§ Exercise
Among the records below, find the line with "2 bedroom 2" and the line with "CBSE Class 10". Set down both and every line between, exactly and with no pictures, but nothing else.

§ Records supplied
·····

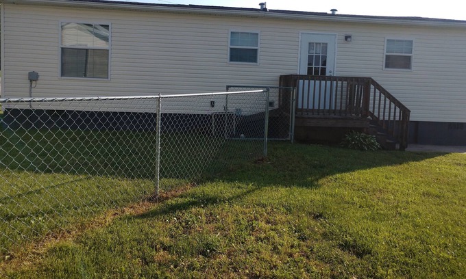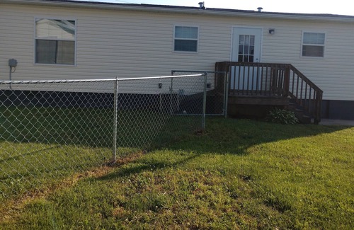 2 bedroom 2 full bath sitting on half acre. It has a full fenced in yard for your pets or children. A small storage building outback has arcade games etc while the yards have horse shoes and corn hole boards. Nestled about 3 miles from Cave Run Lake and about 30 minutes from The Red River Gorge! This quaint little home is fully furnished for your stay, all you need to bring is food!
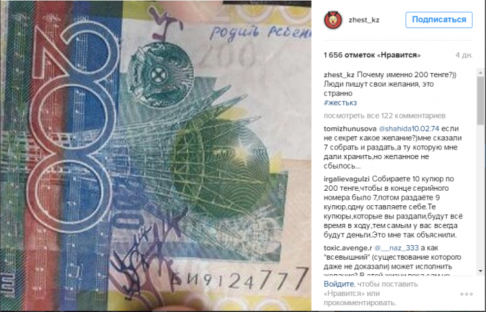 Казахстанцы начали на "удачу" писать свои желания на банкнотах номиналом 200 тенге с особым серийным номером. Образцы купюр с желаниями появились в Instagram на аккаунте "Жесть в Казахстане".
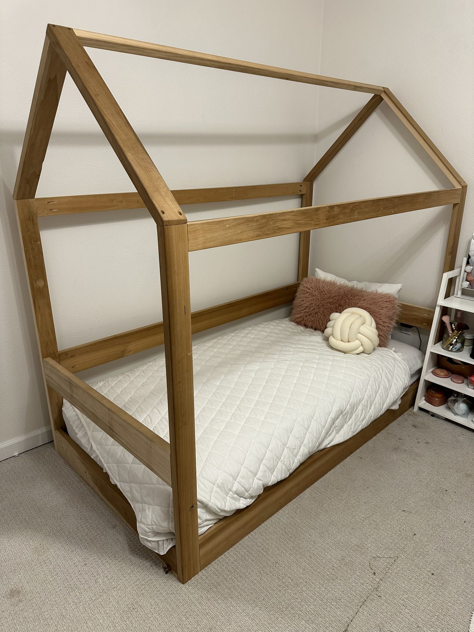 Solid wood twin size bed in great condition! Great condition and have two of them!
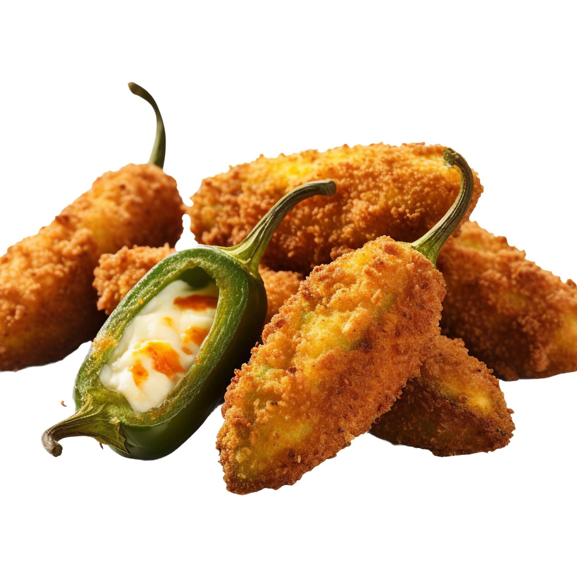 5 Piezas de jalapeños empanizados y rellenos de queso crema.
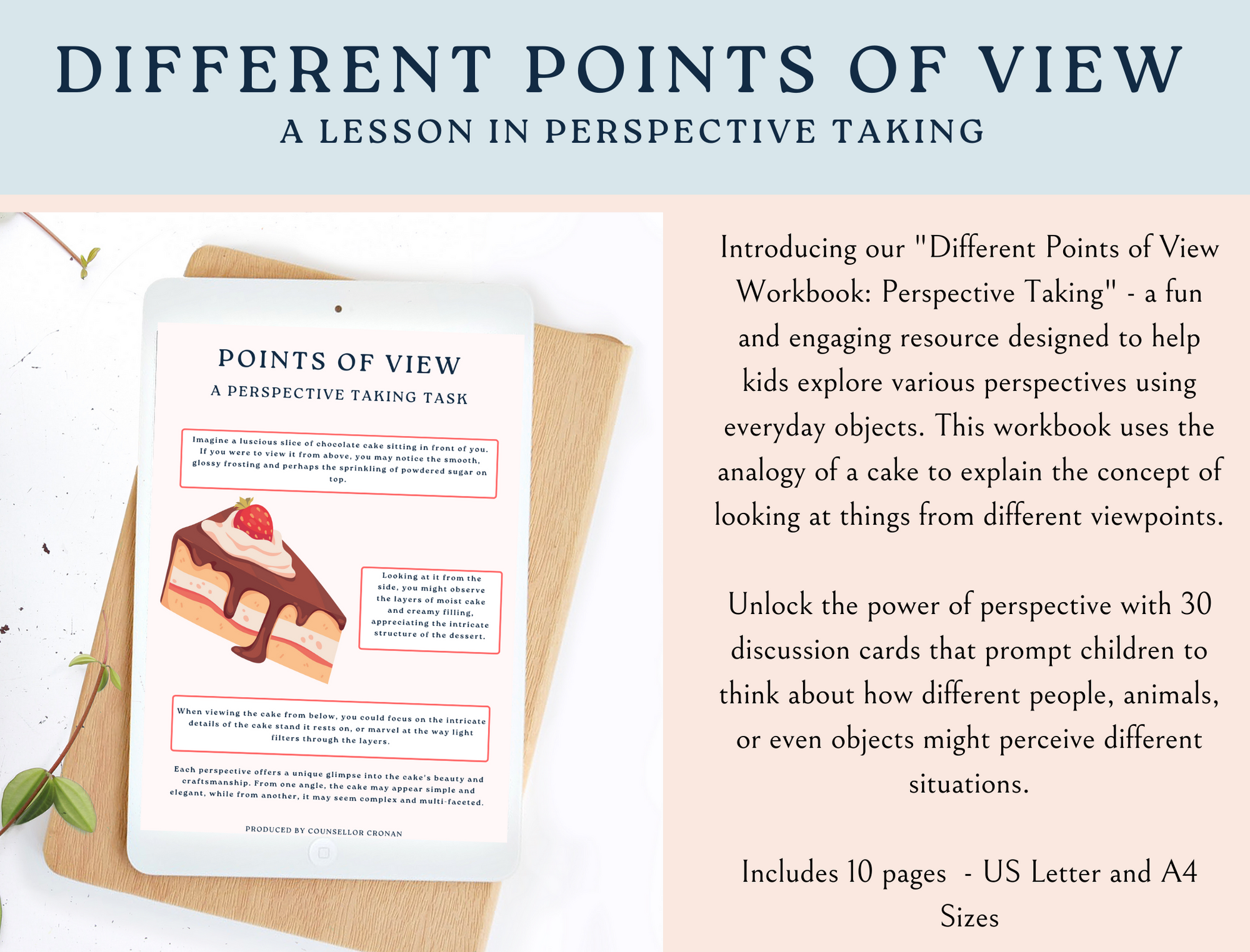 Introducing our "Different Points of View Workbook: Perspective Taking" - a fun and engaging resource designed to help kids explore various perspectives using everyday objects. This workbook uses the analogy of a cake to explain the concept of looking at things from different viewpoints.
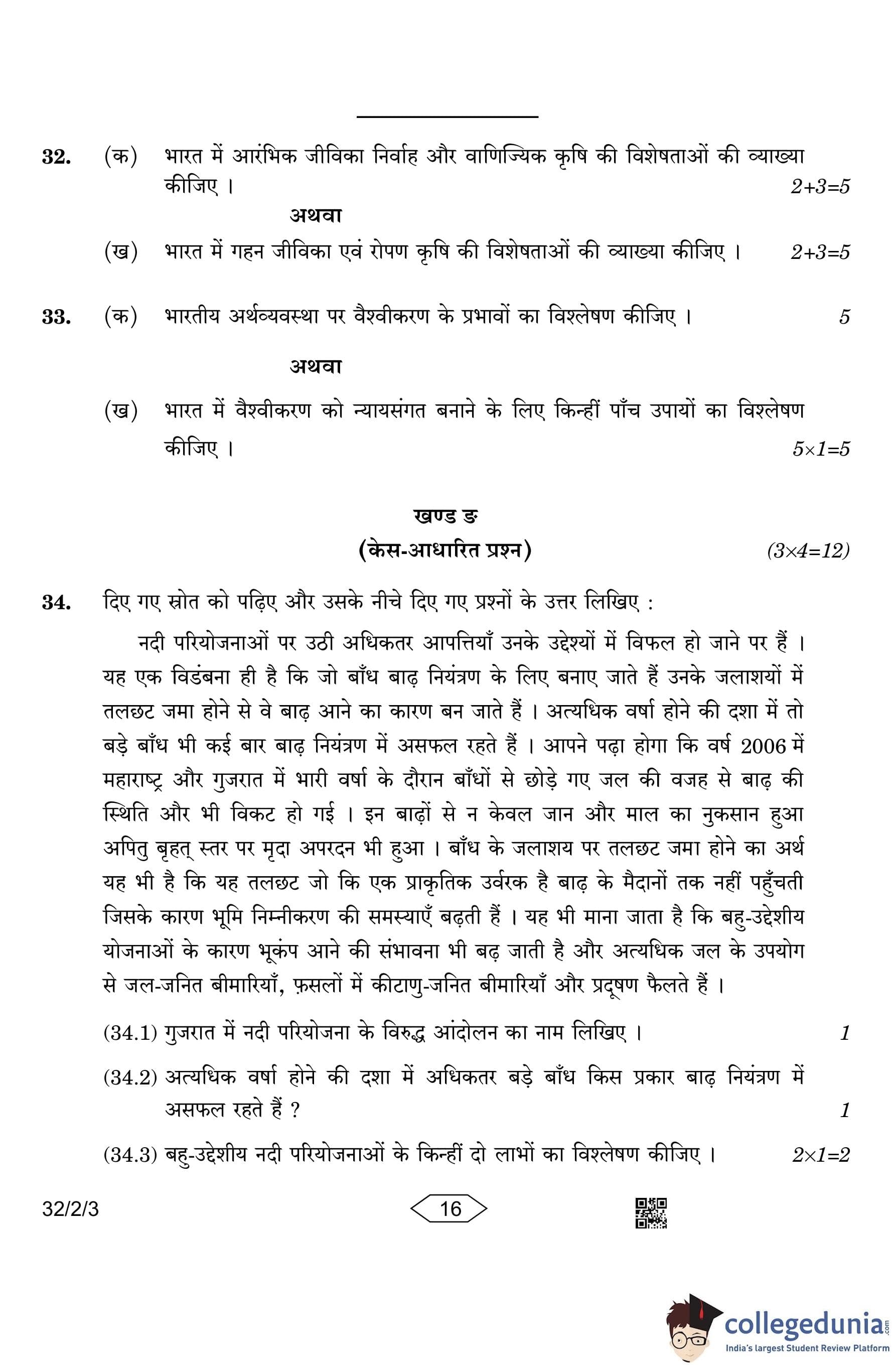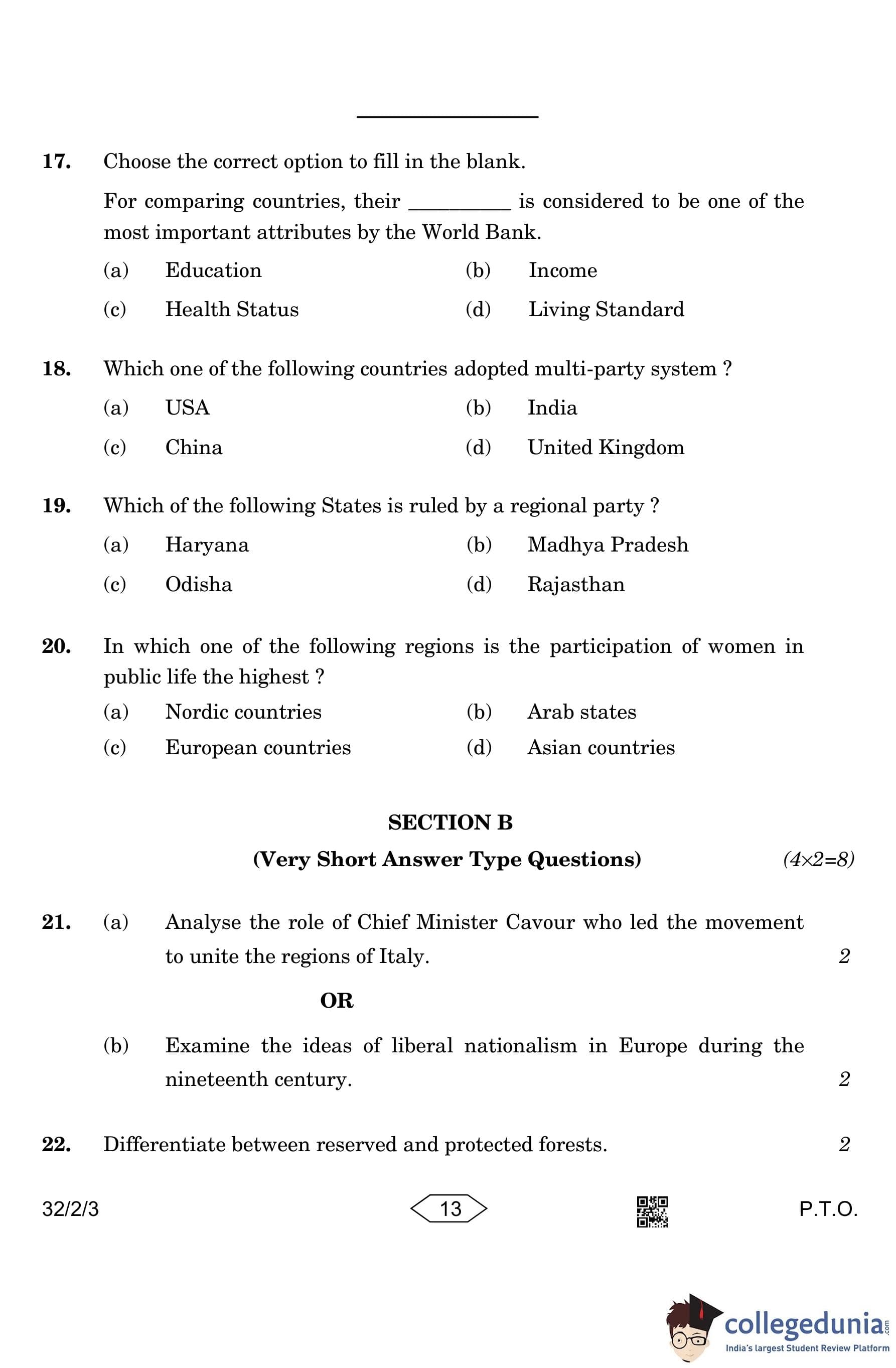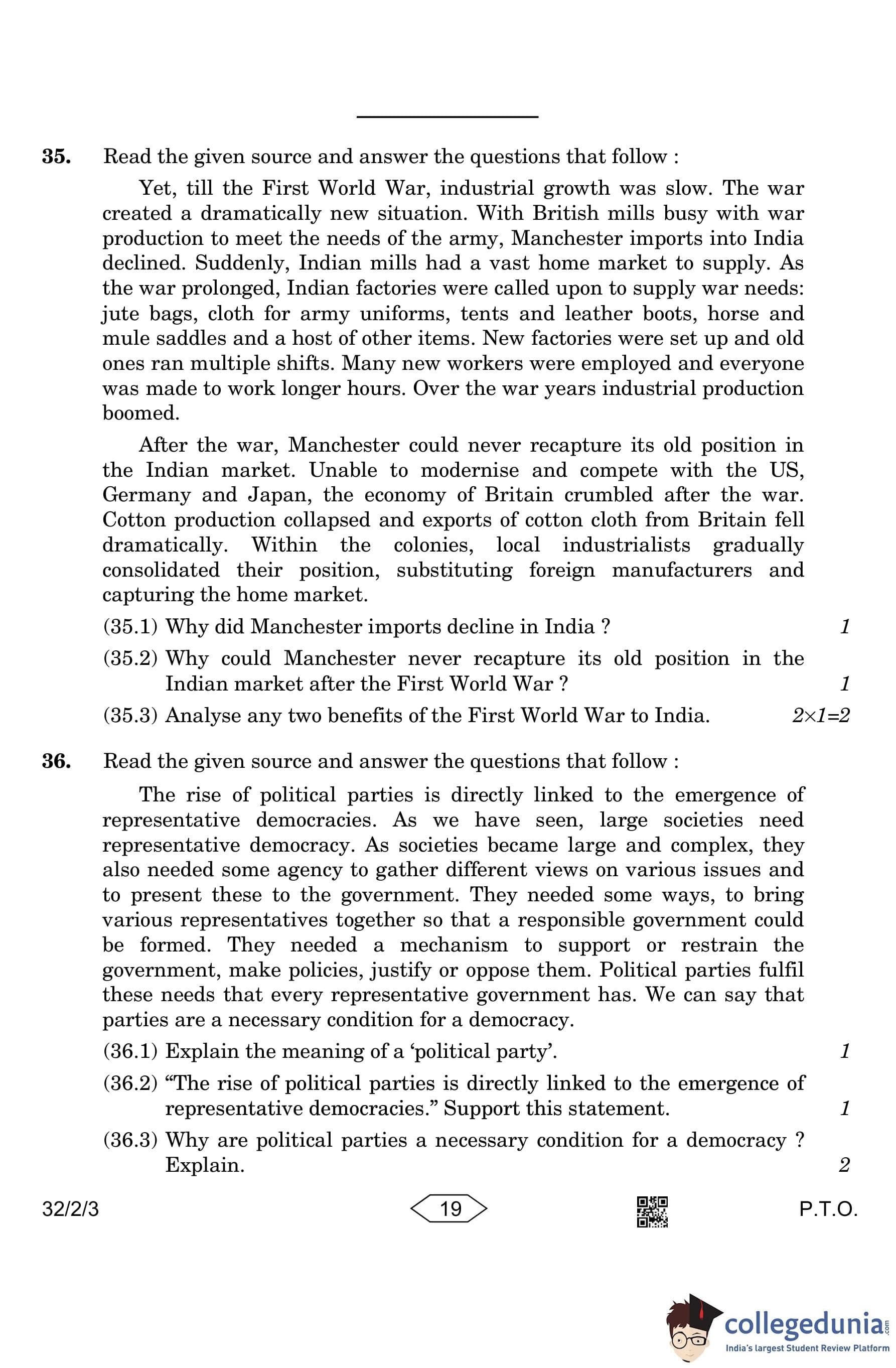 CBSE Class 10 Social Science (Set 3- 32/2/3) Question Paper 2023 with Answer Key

·····

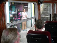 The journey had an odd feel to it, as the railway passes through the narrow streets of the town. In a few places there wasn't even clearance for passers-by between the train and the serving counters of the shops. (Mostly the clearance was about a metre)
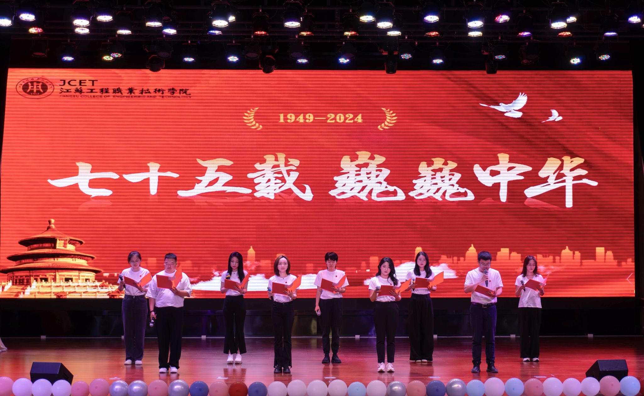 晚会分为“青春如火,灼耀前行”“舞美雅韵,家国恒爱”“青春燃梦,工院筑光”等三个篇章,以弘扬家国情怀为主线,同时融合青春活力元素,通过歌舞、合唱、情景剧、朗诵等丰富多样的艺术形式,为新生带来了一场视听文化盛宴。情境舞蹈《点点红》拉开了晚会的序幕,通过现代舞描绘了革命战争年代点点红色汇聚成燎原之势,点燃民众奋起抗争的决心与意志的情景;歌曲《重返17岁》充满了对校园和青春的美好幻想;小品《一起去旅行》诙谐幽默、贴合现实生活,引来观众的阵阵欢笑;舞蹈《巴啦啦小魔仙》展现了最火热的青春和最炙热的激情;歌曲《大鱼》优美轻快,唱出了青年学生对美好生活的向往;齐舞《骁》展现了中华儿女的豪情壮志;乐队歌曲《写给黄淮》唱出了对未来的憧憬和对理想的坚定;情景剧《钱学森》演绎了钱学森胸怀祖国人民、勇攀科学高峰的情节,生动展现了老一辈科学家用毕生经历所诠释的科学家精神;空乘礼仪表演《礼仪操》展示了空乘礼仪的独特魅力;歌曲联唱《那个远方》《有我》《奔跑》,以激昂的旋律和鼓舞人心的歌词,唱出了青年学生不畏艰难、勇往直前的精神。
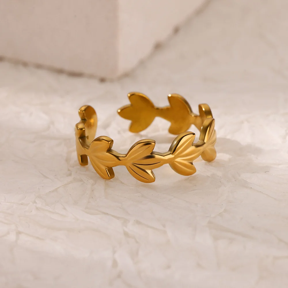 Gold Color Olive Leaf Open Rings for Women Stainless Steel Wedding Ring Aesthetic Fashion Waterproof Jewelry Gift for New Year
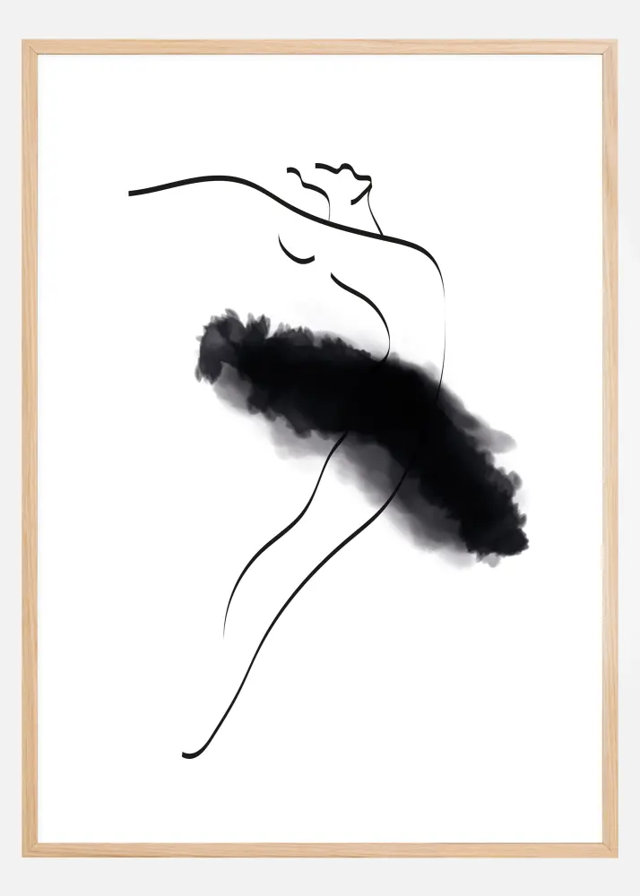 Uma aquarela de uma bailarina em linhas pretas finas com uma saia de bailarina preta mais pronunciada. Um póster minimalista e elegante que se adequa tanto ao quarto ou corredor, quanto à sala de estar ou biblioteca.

·····

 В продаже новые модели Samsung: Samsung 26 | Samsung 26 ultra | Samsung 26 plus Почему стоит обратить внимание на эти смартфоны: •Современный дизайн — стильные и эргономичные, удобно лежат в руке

·····

§ Problem solution
 2 bedroom 2 full bath sitting on half acre. It has a full fenced in yard for your pets or children. A small storage building outback has arcade games etc while the yards have horse shoes and corn hole boards. Nestled about 3 miles from Cave Run Lake and about 30 minutes from The Red River Gorge! This quaint little home is fully furnished for your stay, all you need to bring is food!
 Казахстанцы начали на "удачу" писать свои желания на банкнотах номиналом 200 тенге с особым серийным номером. Образцы купюр с желаниями появились в Instagram на аккаунте "Жесть в Казахстане".
 Solid wood twin size bed in great condition! Great condition and have two of them!
 5 Piezas de jalapeños empanizados y rellenos de queso crema.
 Introducing our "Different Points of View Workbook: Perspective Taking" - a fun and engaging resource designed to help kids explore various perspectives using everyday objects. This workbook uses the analogy of a cake to explain the concept of looking at things from different viewpoints.
 CBSE Class 10 Social Science (Set 3- 32/2/3) Question Paper 2023 with Answer Key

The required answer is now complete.